Exercise instructions: Write again exactly the lines in the listing below, starting at the line with "10月5日,游人在烏魯木齊市大巴扎景區(qū)拍照留念。新華社記者 丁磊 攝" and ending at the line with "Papier peint Peinture", both included. Pictures are not copied.

Records shown:

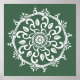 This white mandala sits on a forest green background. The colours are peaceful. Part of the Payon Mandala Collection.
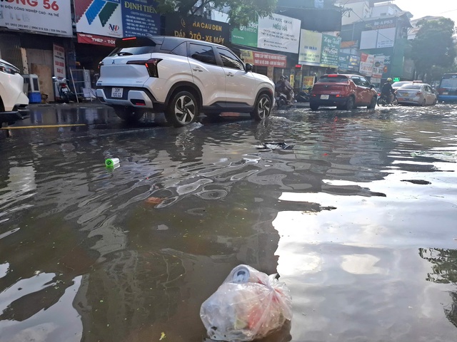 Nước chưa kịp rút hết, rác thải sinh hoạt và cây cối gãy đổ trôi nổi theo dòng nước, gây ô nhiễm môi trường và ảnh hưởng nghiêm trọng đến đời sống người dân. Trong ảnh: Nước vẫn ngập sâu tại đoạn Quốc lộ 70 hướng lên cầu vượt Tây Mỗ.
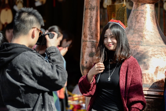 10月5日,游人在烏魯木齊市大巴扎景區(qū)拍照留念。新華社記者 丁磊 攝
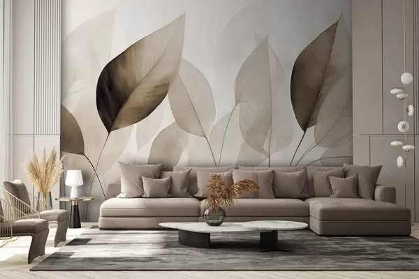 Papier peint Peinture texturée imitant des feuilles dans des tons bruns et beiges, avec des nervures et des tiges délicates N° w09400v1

* * *

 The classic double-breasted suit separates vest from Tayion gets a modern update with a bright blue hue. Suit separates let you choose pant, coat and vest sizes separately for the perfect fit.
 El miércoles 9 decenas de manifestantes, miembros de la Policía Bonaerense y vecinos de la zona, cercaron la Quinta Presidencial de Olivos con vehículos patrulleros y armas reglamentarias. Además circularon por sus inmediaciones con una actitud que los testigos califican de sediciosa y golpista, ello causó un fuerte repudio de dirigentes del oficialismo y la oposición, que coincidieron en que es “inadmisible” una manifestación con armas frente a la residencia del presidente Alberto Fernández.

Exercise output:
 10月5日,游人在烏魯木齊市大巴扎景區(qū)拍照留念。新華社記者 丁磊 攝
 Papier peint Peinture texturée imitant des feuilles dans des tons bruns et beiges, avec des nervures et des tiges délicates N° w09400v1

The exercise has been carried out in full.